- Task directions: Print the lines from the one containing "The American pontiff" through the end of the listing below, exactly as written. Any pictures stay out.

- Data listing:
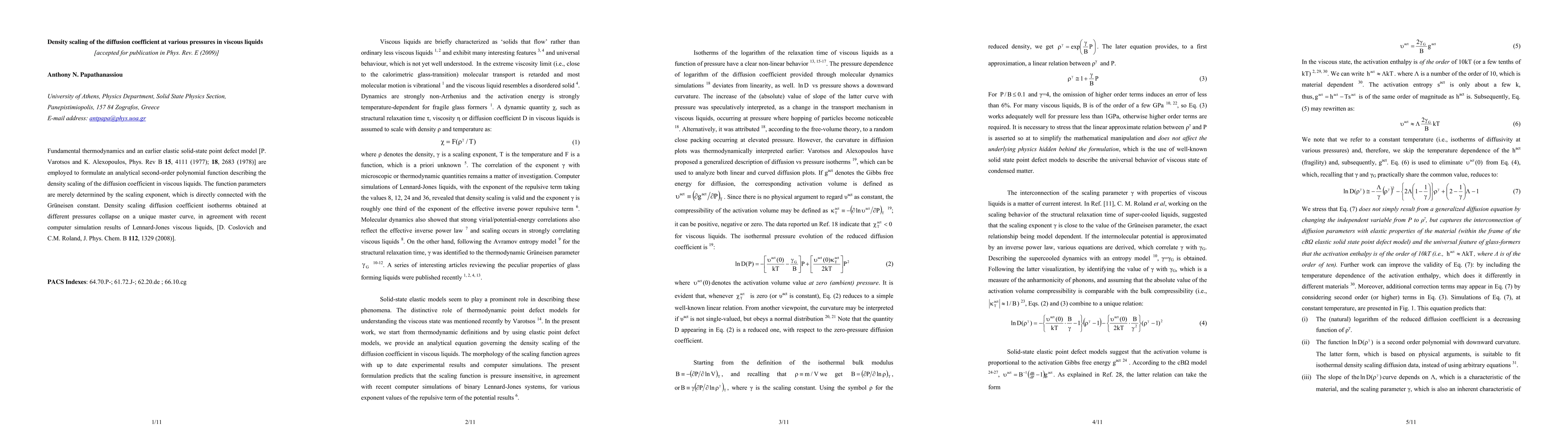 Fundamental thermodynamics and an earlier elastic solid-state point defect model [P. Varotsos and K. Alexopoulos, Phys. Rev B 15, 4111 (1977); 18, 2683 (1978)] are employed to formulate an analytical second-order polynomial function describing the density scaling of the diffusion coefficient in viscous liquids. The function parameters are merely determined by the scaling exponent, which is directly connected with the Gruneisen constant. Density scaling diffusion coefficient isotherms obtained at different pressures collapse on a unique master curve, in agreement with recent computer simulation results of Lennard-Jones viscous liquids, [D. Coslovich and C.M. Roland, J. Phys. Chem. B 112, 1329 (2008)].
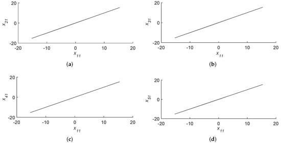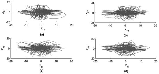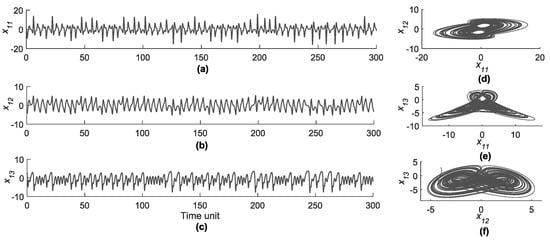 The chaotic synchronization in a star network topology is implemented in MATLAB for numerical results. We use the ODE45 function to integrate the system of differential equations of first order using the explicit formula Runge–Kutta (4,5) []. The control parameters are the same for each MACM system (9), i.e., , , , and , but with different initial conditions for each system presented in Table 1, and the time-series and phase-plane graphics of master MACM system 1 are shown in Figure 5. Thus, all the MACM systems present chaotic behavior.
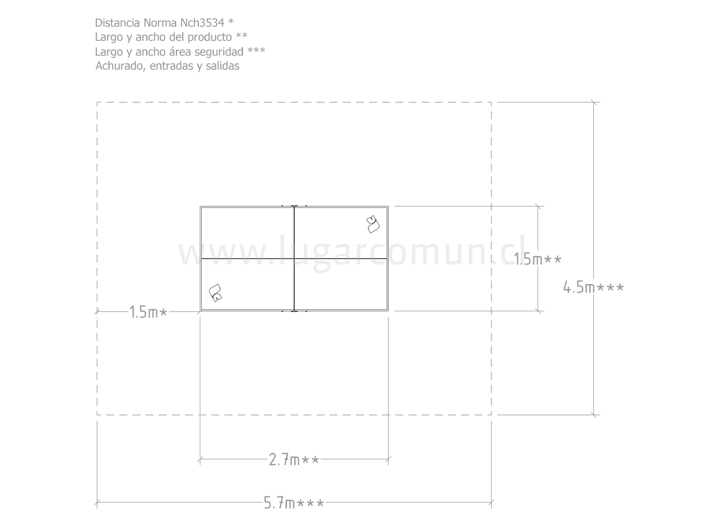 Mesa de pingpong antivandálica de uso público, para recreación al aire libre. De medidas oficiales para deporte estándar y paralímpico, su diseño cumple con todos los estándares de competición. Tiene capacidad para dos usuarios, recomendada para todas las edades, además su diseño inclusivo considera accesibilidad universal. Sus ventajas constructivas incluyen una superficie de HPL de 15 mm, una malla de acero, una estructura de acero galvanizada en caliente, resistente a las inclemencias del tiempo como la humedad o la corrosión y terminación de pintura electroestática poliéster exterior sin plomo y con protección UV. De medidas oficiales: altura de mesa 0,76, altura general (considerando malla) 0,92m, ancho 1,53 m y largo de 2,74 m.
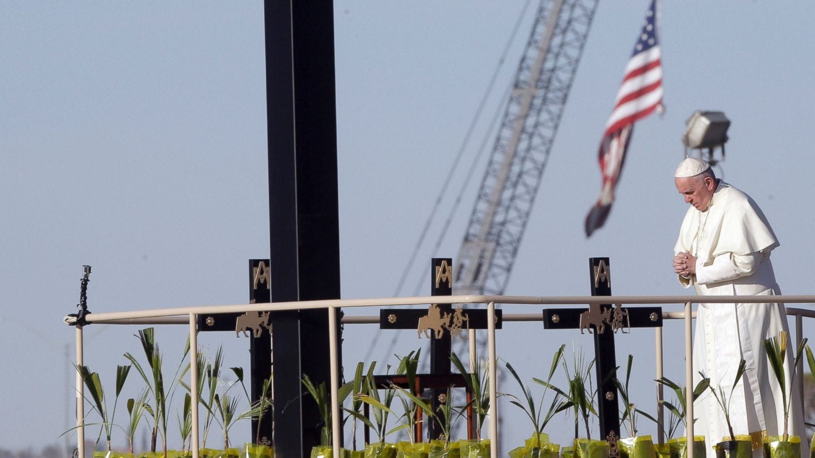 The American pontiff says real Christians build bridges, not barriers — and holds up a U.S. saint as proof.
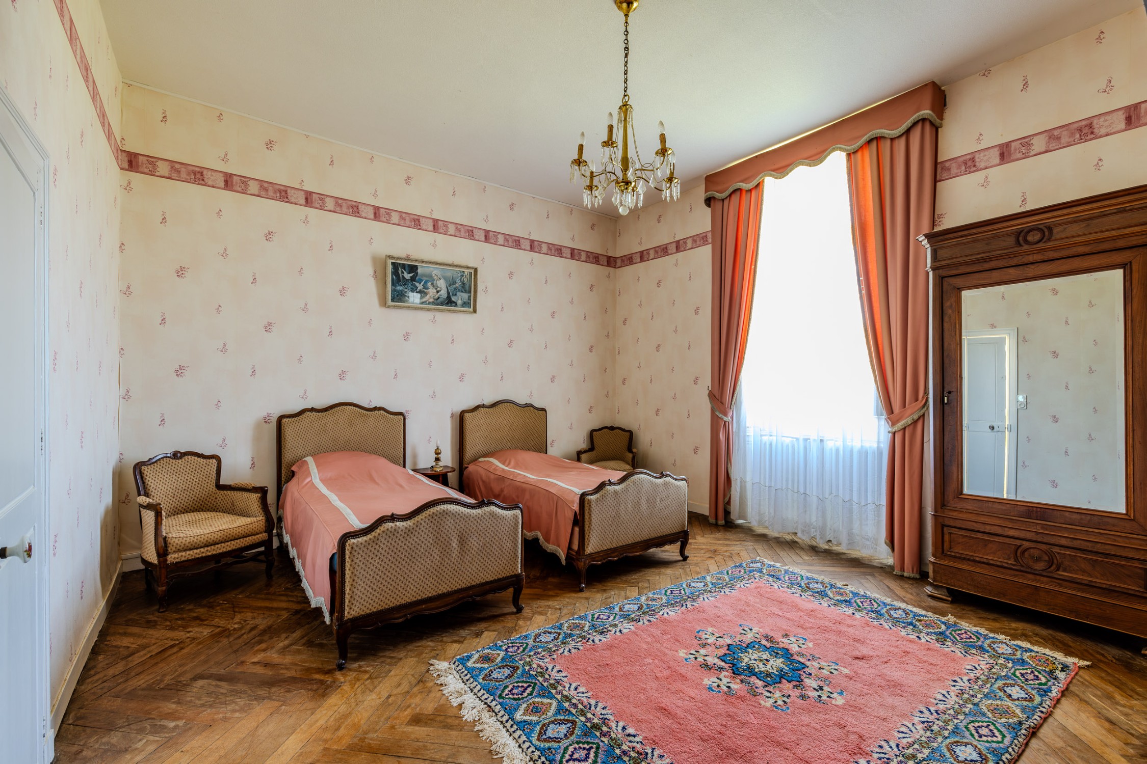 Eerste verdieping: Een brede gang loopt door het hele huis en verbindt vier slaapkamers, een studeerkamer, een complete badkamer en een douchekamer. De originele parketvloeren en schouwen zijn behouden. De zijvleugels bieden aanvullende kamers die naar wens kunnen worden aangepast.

- Exercise answer:
 The American pontiff says real Christians build bridges, not barriers — and holds up a U.S. saint as proof.
 Eerste verdieping: Een brede gang loopt door het hele huis en verbindt vier slaapkamers, een studeerkamer, een complete badkamer en een douchekamer. De originele parketvloeren en schouwen zijn behouden. De zijvleugels bieden aanvullende kamers die naar wens kunnen worden aangepast.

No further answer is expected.